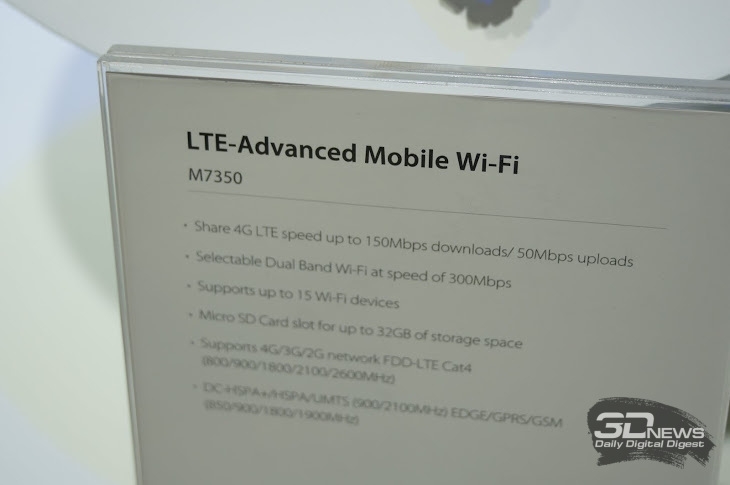 Мобильный беспроводной маршрутизатор TP-LINK M7350 поддерживает сети 4G LTE (cкорость входящего трафика до 150 Мбит/с, исходящего — до 50 Мбит/с) с передачей данных в двух диапазонах: 2,4 ГГц и 5 ГГц. Образец такого маршрутизатора в ближайшем будущем окажется в нашей тестовой лаборатории.
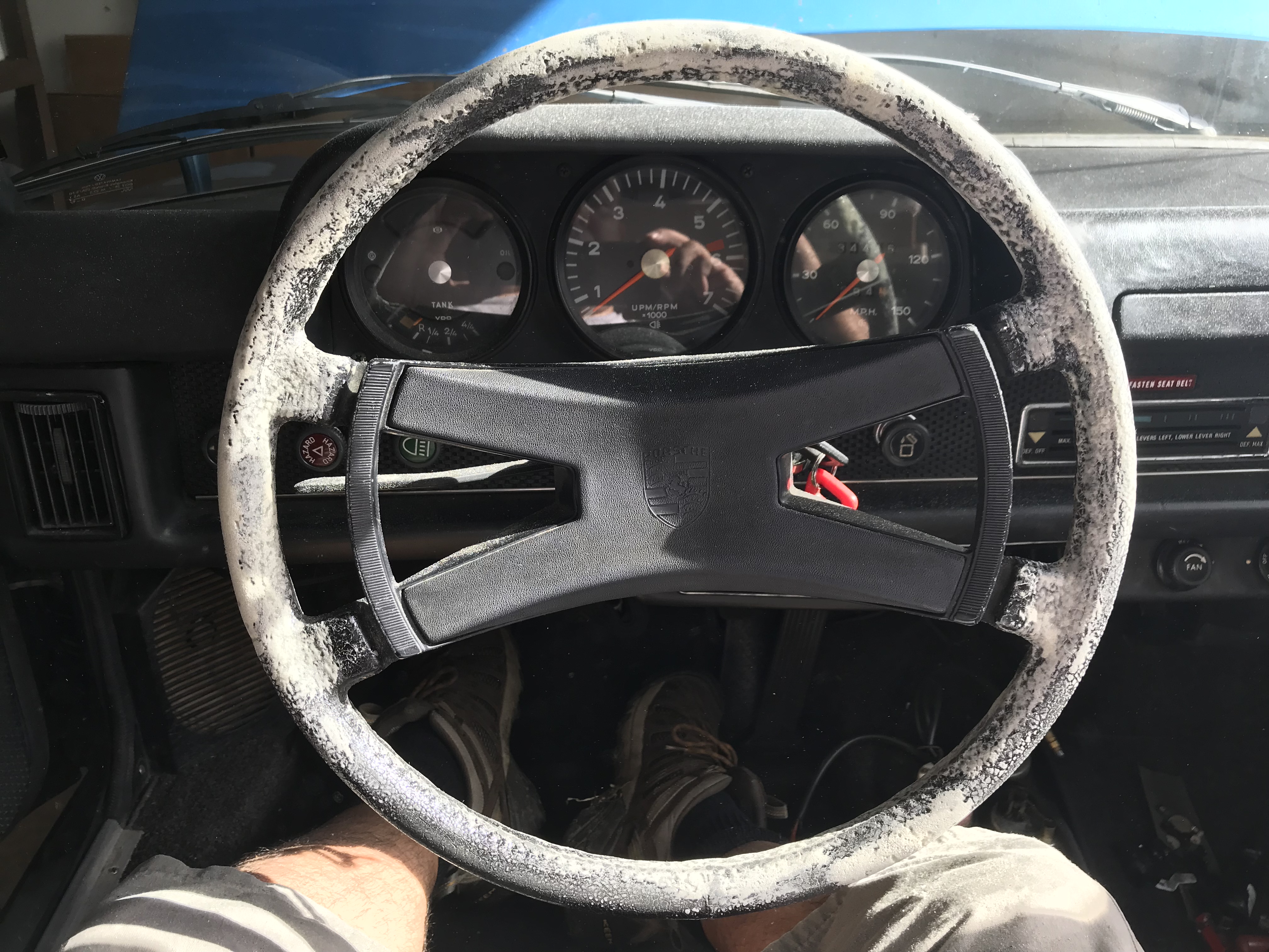Getting ready for an Alan Gunn R914rsr leather kit last night and found a solution to the deteriorating rubber. The top was separated and the rubber was in bad shape. I drilled some holes in the separated section and blew some water in the holes. Then I forced original Gorilla glue in the holes. Then I used a small brush typically used for flux to cover all the rubber. I used the brush to keep the sections that were ok from expanding and let it expand where chunks of rubber were missing. Sanded it this morning with 80 grit. I didn’t need to get it perfect because I think the felt and leather will cover but I feel like with more work I could have almost made it perfect.
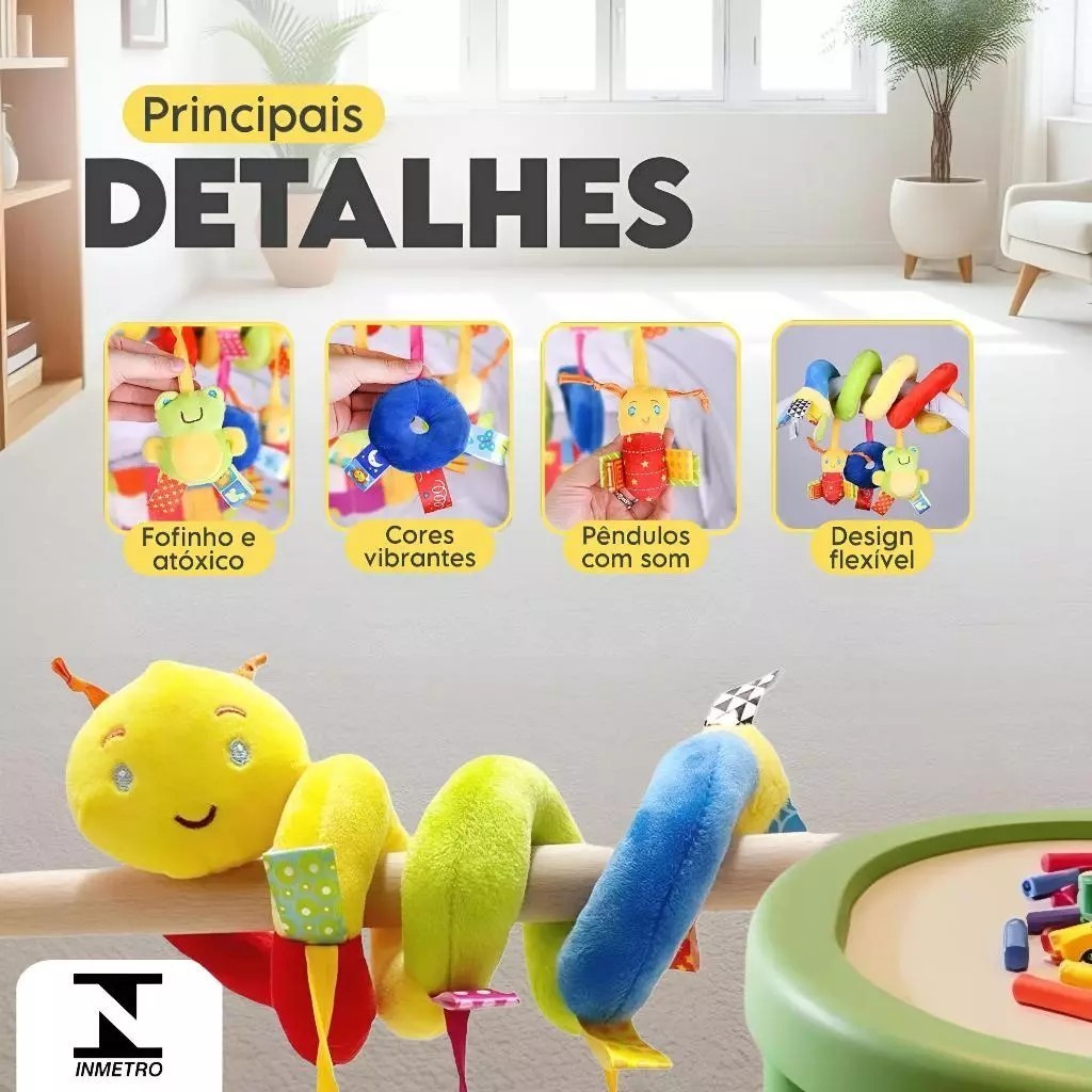 Móbile Chocalho Centopeia Espiral Colorido - Diversão Garantida para Seu Bebê! O Móbile Chocalho Centopeia em formato espiral é perfeito para entreter e estimular seu bebê em qualquer lugar! Com cores vivas e design encantador, ele pode ser facilmente fixado em diferentes locais, proporcionando diversão contínua. 🌟 Versátil e Prático: Pode ser colocado em carrinhos de bebê, bebê conforto, berços, tapetinhos e muito mais. Seu formato espiral permite uma fixação fácil e segura em diversos lugares. 🍼 Brinquedo Unissex Ideal para meninos e meninas, esse móbile é perfeito para acompanhar o desenvolvimento do seu bebê. 📏 tamanho: - Aproximadamente 25 cm; esticado pode alcançar até 50 cm, proporcionando ainda mais diversão! 🌈 Material: Confeccionado em algodão macio e confortável, seguro para o bebê. 🌍 Produto Novo e Importado - Pronta Entrega! Garanta já o seu e proporcione momentos de alegria e estímulo para seu bebê!
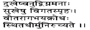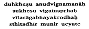 heart is not distressed in calamities, from whom all longing for pleasures
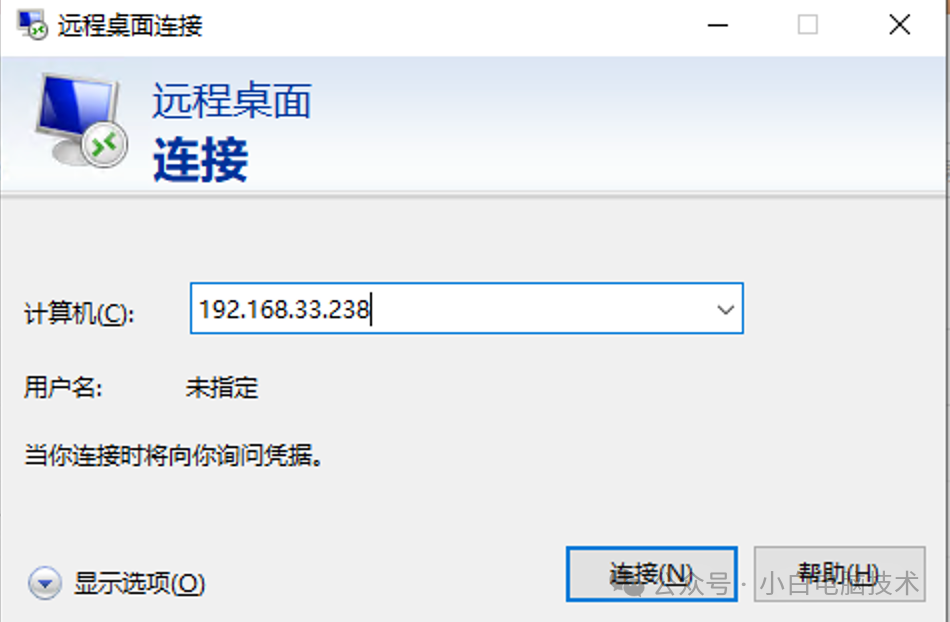 如果出现【Windows找不到文件'mstsc'。】则移步到文末【 推荐阅读】找解决方案。
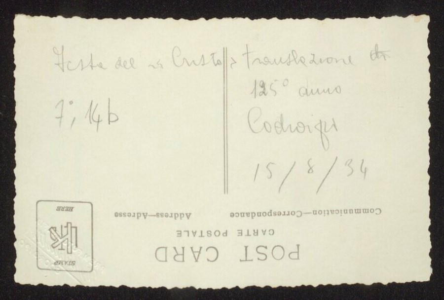 Festa del "Cristo". Translazione 125° anno. Codroipo. 15/8/1934
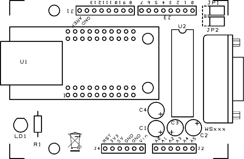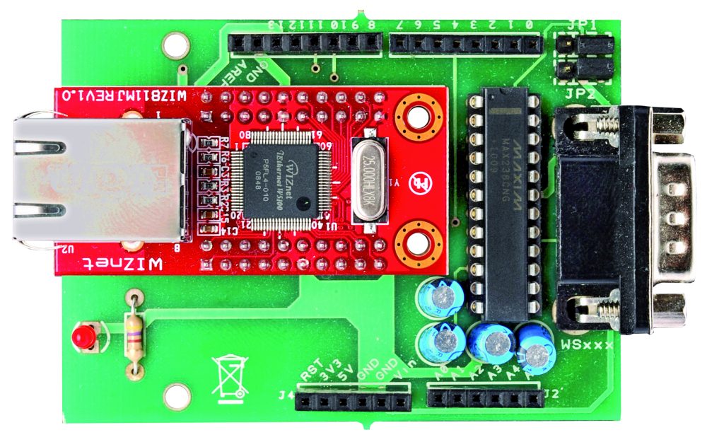 R1: 470 ohm C1: 1 µF 100 VL C2: 1 µF 100 VL C3: 1 µF 100 VL C4: 1 µF 100 VL U1: WIZNET U2: MAX238CNG LD1: led 3 mm red - socket 12+12 - Strip male 3 via (2 pz.) - Jumper (2 pz.) - Strip female/male 6 via (2 pz.) - Strip female/male 8 via(2 pz.)
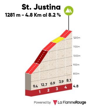 St.Justina, irregular pero con tramos duros. Perfil de La Flamme Rouge
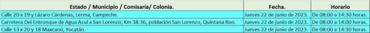 Las reparaciones serán en una zona de Campeche, una de Quintana Roo y una de Yucatán.
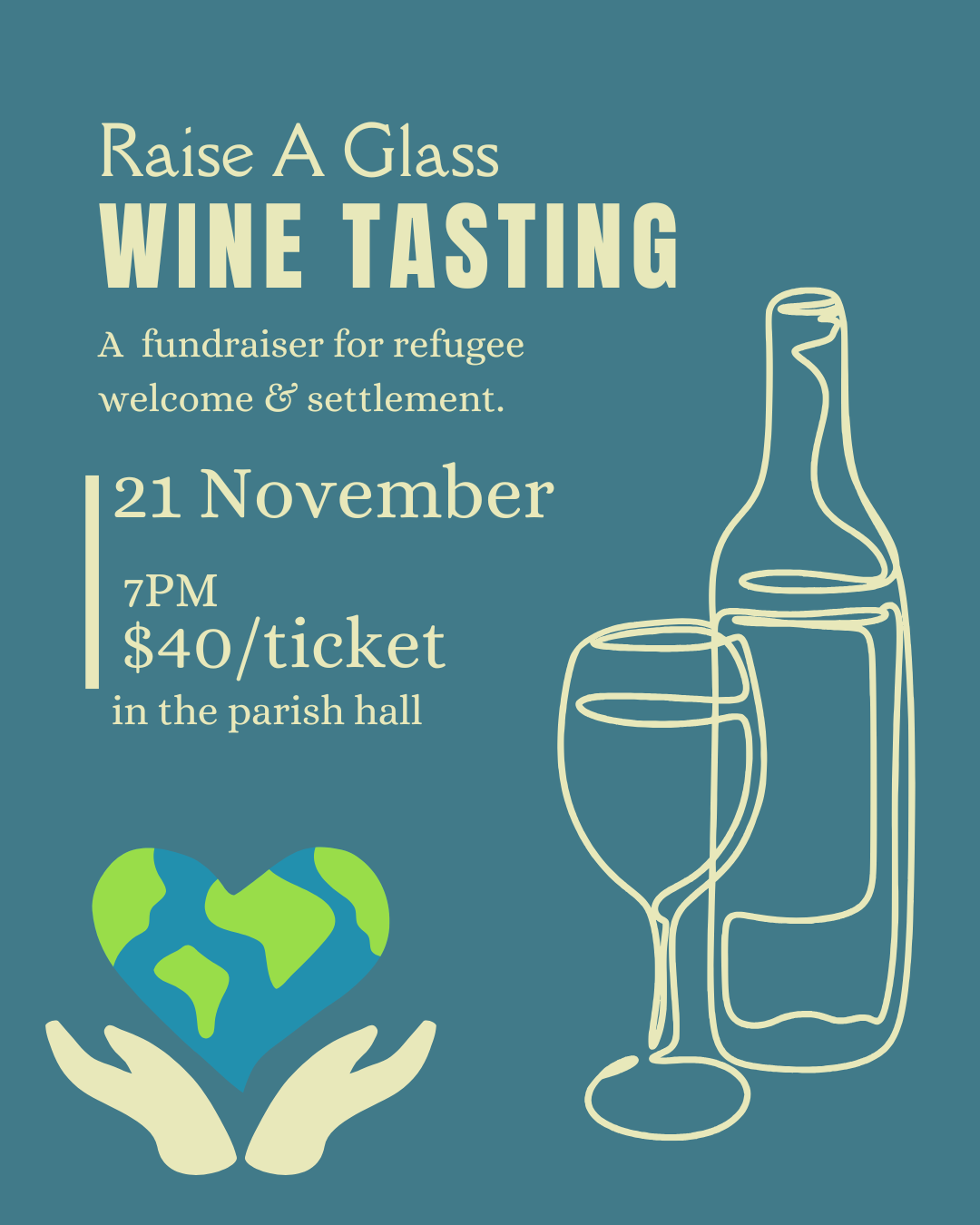 Christ Church is gearing up to welcome a Syrian family to Canada. They have been waiting in Lebanon for close to eight years and we are hopeful their arrival will be soon. In preparation, our parish needs to raise $80,000 to support them for a year. The good news is that with your generous donations we have raised just over $40,000 already. We need to raise $40,000 more! Please join us on Friday November 21st for an opportunity to learn a bit more about some fabulous wines with a tasting hosted by our own Denise Brisson, owner of Cellar Stock Importers. There will also be a small silent auction, an opportunity to hear more about the family who we are supporting as well as ways you can support their welcome and settlement.

▬▬▬

Exactly reproduce each entry, but drop the pictures.

 Мобильный беспроводной маршрутизатор TP-LINK M7350 поддерживает сети 4G LTE (cкорость входящего трафика до 150 Мбит/с, исходящего — до 50 Мбит/с) с передачей данных в двух диапазонах: 2,4 ГГц и 5 ГГц. Образец такого маршрутизатора в ближайшем будущем окажется в нашей тестовой лаборатории.
Getting ready for an Alan Gunn R914rsr leather kit last night and found a solution to the deteriorating rubber. The top was separated and the rubber was in bad shape. I drilled some holes in the separated section and blew some water in the holes. Then I forced original Gorilla glue in the holes. Then I used a small brush typically used for flux to cover all the rubber. I used the brush to keep the sections that were ok from expanding and let it expand where chunks of rubber were missing. Sanded it this morning with 80 grit. I didn’t need to get it perfect because I think the felt and leather will cover but I feel like with more work I could have almost made it perfect.
 Móbile Chocalho Centopeia Espiral Colorido - Diversão Garantida para Seu Bebê! O Móbile Chocalho Centopeia em formato espiral é perfeito para entreter e estimular seu bebê em qualquer lugar! Com cores vivas e design encantador, ele pode ser facilmente fixado em diferentes locais, proporcionando diversão contínua. 🌟 Versátil e Prático: Pode ser colocado em carrinhos de bebê, bebê conforto, berços, tapetinhos e muito mais. Seu formato espiral permite uma fixação fácil e segura em diversos lugares. 🍼 Brinquedo Unissex Ideal para meninos e meninas, esse móbile é perfeito para acompanhar o desenvolvimento do seu bebê. 📏 tamanho: - Aproximadamente 25 cm; esticado pode alcançar até 50 cm, proporcionando ainda mais diversão! 🌈 Material: Confeccionado em algodão macio e confortável, seguro para o bebê. 🌍 Produto Novo e Importado - Pronta Entrega! Garanta já o seu e proporcione momentos de alegria e estímulo para seu bebê!
 heart is not distressed in calamities, from whom all longing for pleasures
 如果出现【Windows找不到文件'mstsc'。】则移步到文末【 推荐阅读】找解决方案。
 Festa del "Cristo". Translazione 125° anno. Codroipo. 15/8/1934
 R1: 470 ohm C1: 1 µF 100 VL C2: 1 µF 100 VL C3: 1 µF 100 VL C4: 1 µF 100 VL U1: WIZNET U2: MAX238CNG LD1: led 3 mm red - socket 12+12 - Strip male 3 via (2 pz.) - Jumper (2 pz.) - Strip female/male 6 via (2 pz.) - Strip female/male 8 via(2 pz.)
 St.Justina, irregular pero con tramos duros. Perfil de La Flamme Rouge
 Las reparaciones serán en una zona de Campeche, una de Quintana Roo y una de Yucatán.
 Christ Church is gearing up to welcome a Syrian family to Canada. They have been waiting in Lebanon for close to eight years and we are hopeful their arrival will be soon. In preparation, our parish needs to raise $80,000 to support them for a year. The good news is that with your generous donations we have raised just over $40,000 already. We need to raise $40,000 more! Please join us on Friday November 21st for an opportunity to learn a bit more about some fabulous wines with a tasting hosted by our own Denise Brisson, owner of Cellar Stock Importers. There will also be a small silent auction, an opportunity to hear more about the family who we are supporting as well as ways you can support their welcome and settlement.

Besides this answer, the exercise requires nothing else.